Don't think that's in the cards, but a mobile fish and chip shop might be doable

Did them fish get cleaned up quick?


----------



## AL_N_VB (Apr 3, 2002)

dirtyhandslopez said:


> Don't think that's in the cards, but a mobile fish and chip shop might be doable
> 
> Did them fish get cleaned up quick?


Not sure but I caught a ton of them bigguns on jigs a few weeks ago at the Triangles. Horrible.


----------



## Drumdum (Jan 6, 2003)

AL_N_VB said:


> Not sure but I caught a ton of them bigguns on jigs a few weeks ago at the Triangles. Horrible.


 Al have had them eat jigs,trolled spoons,and anyother bait that is put in front of them,no doubt they'd eat a fly as well..  

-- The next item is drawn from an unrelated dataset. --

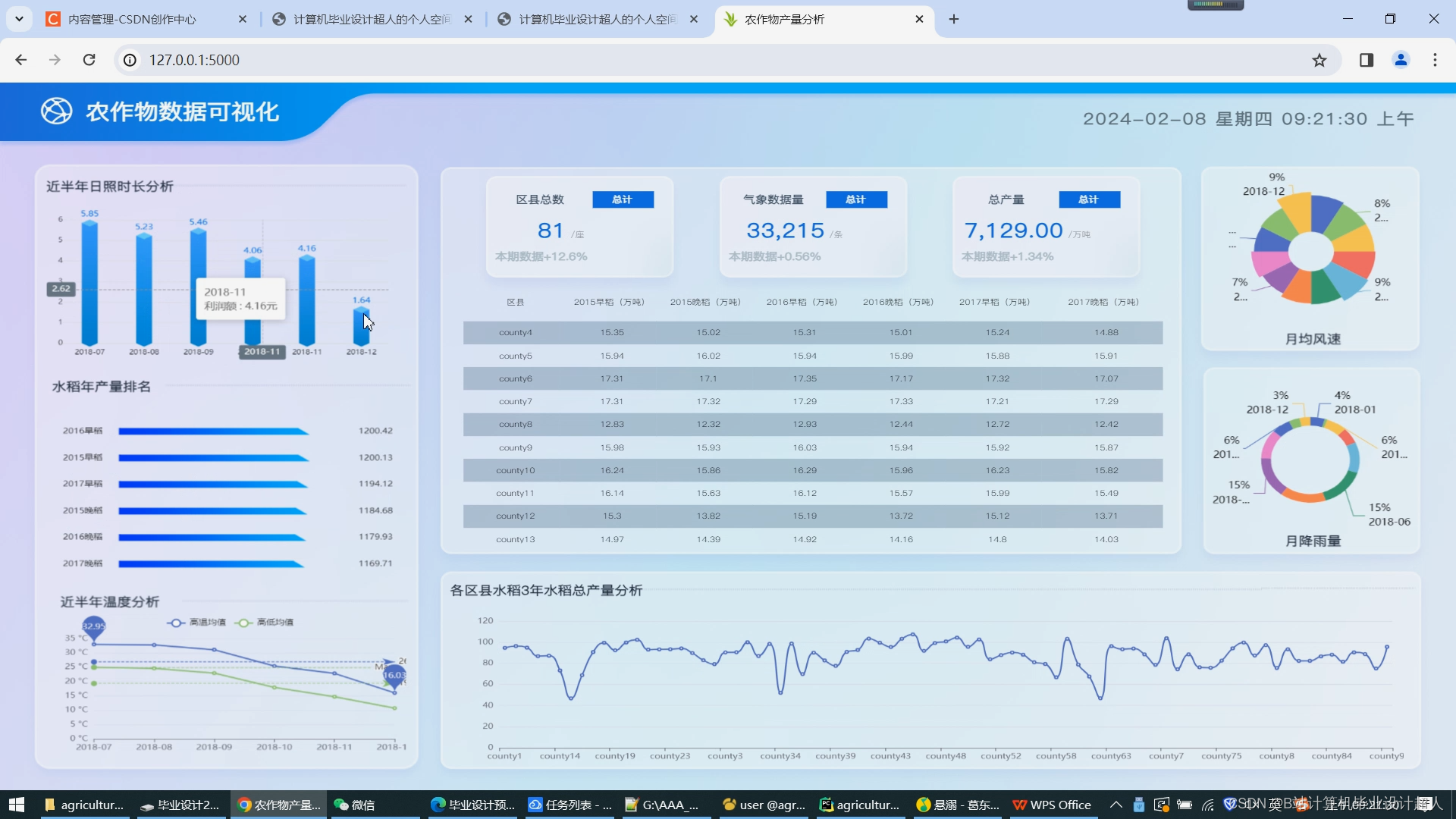 农作物产量大屏数据可视化模块主要利用了Echarts、Ajax、Flask和PyMysql等技 术来实现。Echarts是一个基于JavaScript的可视化图表库,它提供了丰富的图表类型 和灵活的配置选项,能够帮助我们快速、直观地展示数据。在本系统中,我们使用Echarts 实现了各种图表的绘制,包括折线图、饼图、柱状图等,以便更好地展示农作物产量相 关的数据信息。在前端方面,我们使用了Ajax技术来实现异步数据请求,从而避免了页 面的重载和卡顿,提高了用户的体验。通过调用后端提供的API接口,我们可以获取到 需要展示的数据信息,并利用Echarts将其以图表形式展示出来。在后端方面,我们使 用了Flask和PyMysql来实现数据的存储和查询。Flask是一个轻量级的Web框架,它提供 了简洁而灵活的路由和视图函数机制,能够帮助我们快速构建API接口。PyMysql是 Python下的Mysql驱动程序,它提供了丰富的数据库操作接口,能够方便地进行数据的

As far as the picture,I saw a video of someone netting cods,one cod for 30 or so doggies,with many of the cod that were caught in the net eaten by the doggies... Those things suck,plain and simple......


----------



## AL_N_VB (Apr 3, 2002)

Drumdum said:


> Al have had them eat jigs,trolled spoons,and anyother bait that is put in front of them,no doubt they'd eat a fly as well..
> 
> As far as the picture,I saw a video of someone netting cods,one cod for 30 or so doggies,with many of the cod that were caught in the net eaten by the doggies... Those things suck,plain and simple......


on the way out we trolled thru some bait with parachutes, mojos and Tomics. When the Tomics were gettin hit by them doggies, I said," lets give this up. Its hopeless".. LOL. Them doggies know how to tangle a spread.


----------